◆ **WHAT THE EXERCISE ASKS**: Please return the listing below word for word, minus its pictures.

◆ **GIVEN INFORMATION**:
.....

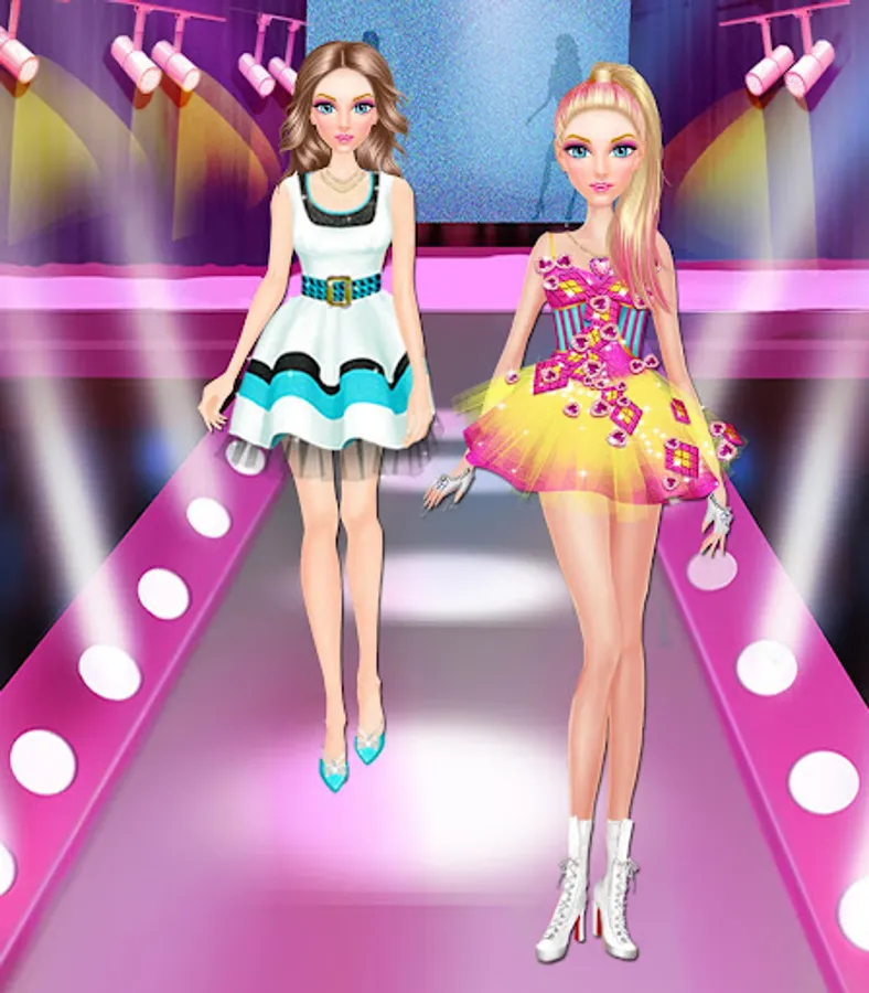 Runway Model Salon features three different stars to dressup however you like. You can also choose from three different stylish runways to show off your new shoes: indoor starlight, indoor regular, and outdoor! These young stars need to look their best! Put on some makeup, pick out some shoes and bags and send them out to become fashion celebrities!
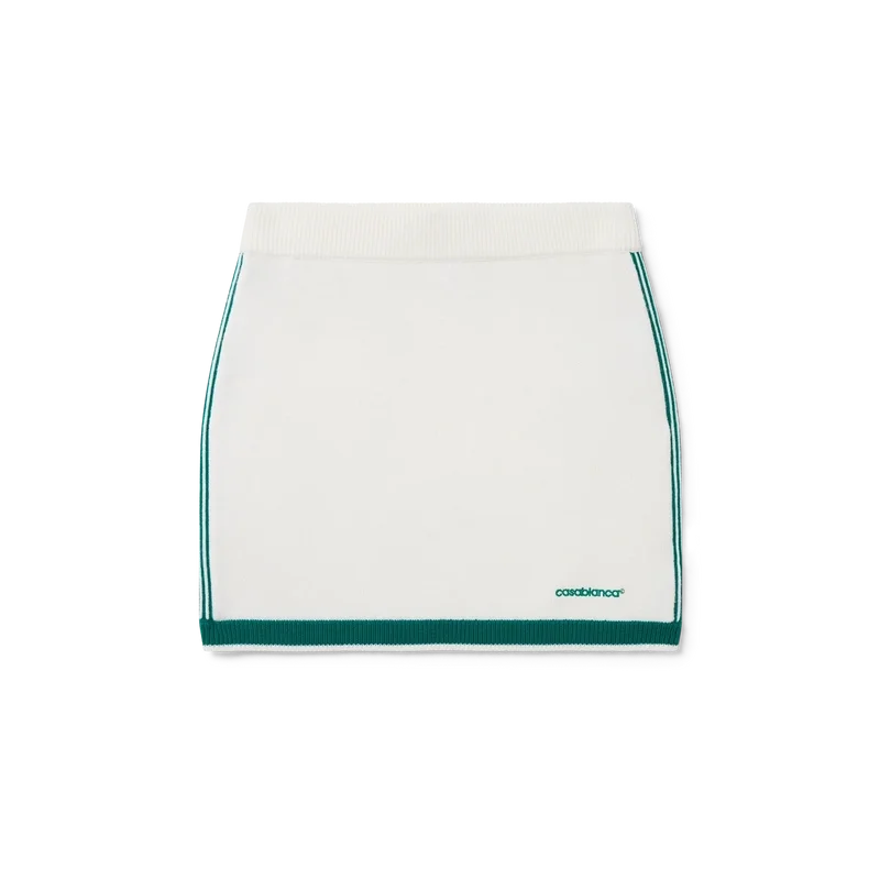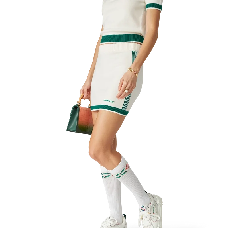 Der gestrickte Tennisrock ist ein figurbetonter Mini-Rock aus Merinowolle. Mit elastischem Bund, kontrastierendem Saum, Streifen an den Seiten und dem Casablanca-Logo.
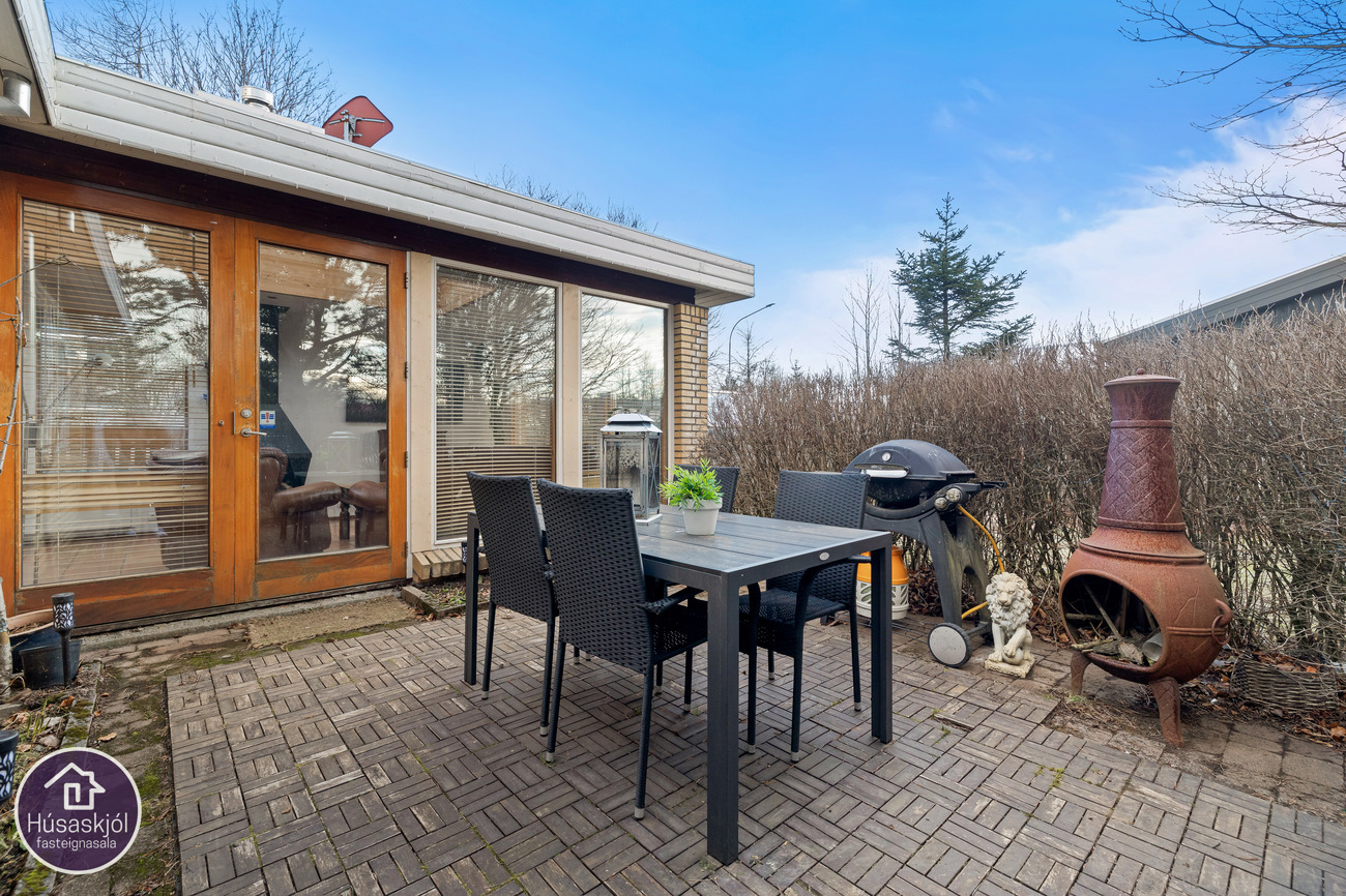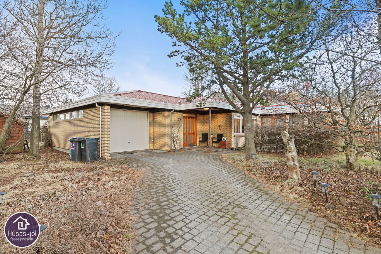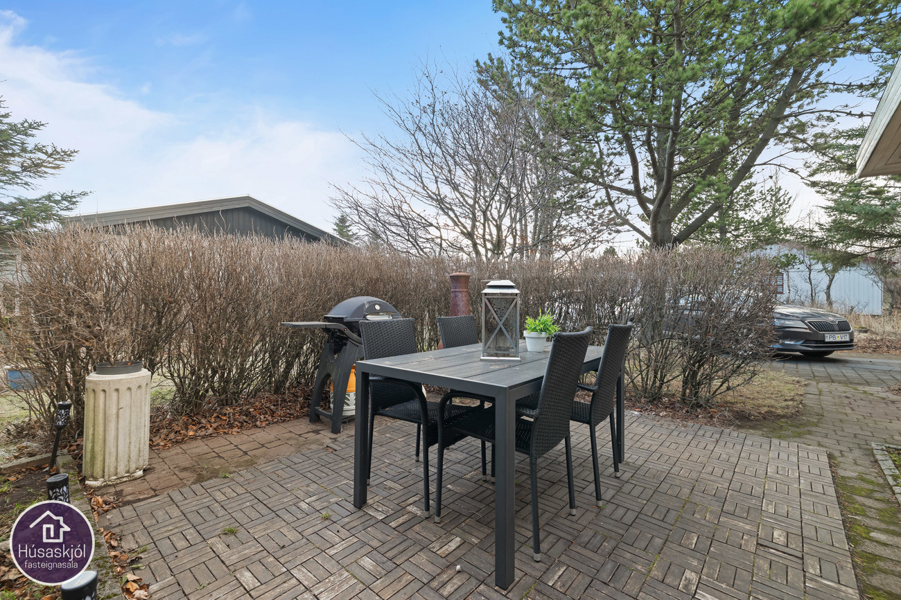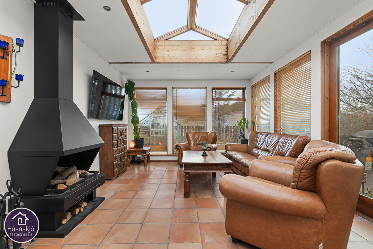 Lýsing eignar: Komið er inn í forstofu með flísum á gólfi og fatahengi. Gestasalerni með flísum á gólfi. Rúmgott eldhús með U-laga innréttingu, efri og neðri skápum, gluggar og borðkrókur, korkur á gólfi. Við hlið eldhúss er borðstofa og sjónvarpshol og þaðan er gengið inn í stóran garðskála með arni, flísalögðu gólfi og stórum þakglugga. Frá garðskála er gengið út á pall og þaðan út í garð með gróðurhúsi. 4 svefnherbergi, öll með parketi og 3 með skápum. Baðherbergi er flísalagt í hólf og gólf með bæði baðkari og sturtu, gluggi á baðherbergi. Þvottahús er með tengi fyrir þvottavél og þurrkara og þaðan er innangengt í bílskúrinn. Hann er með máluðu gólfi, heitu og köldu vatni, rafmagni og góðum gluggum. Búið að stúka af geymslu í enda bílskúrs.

.....

◆ **ANSWER BELOW**:
 Runway Model Salon features three different stars to dressup however you like. You can also choose from three different stylish runways to show off your new shoes: indoor starlight, indoor regular, and outdoor! These young stars need to look their best! Put on some makeup, pick out some shoes and bags and send them out to become fashion celebrities!
 Der gestrickte Tennisrock ist ein figurbetonter Mini-Rock aus Merinowolle. Mit elastischem Bund, kontrastierendem Saum, Streifen an den Seiten und dem Casablanca-Logo.
 Lýsing eignar: Komið er inn í forstofu með flísum á gólfi og fatahengi. Gestasalerni með flísum á gólfi. Rúmgott eldhús með U-laga innréttingu, efri og neðri skápum, gluggar og borðkrókur, korkur á gólfi. Við hlið eldhúss er borðstofa og sjónvarpshol og þaðan er gengið inn í stóran garðskála með arni, flísalögðu gólfi og stórum þakglugga. Frá garðskála er gengið út á pall og þaðan út í garð með gróðurhúsi. 4 svefnherbergi, öll með parketi og 3 með skápum. Baðherbergi er flísalagt í hólf og gólf með bæði baðkari og sturtu, gluggi á baðherbergi. Þvottahús er með tengi fyrir þvottavél og þurrkara og þaðan er innangengt í bílskúrinn. Hann er með máluðu gólfi, heitu og köldu vatni, rafmagni og góðum gluggum. Búið að stúka af geymslu í enda bílskúrs.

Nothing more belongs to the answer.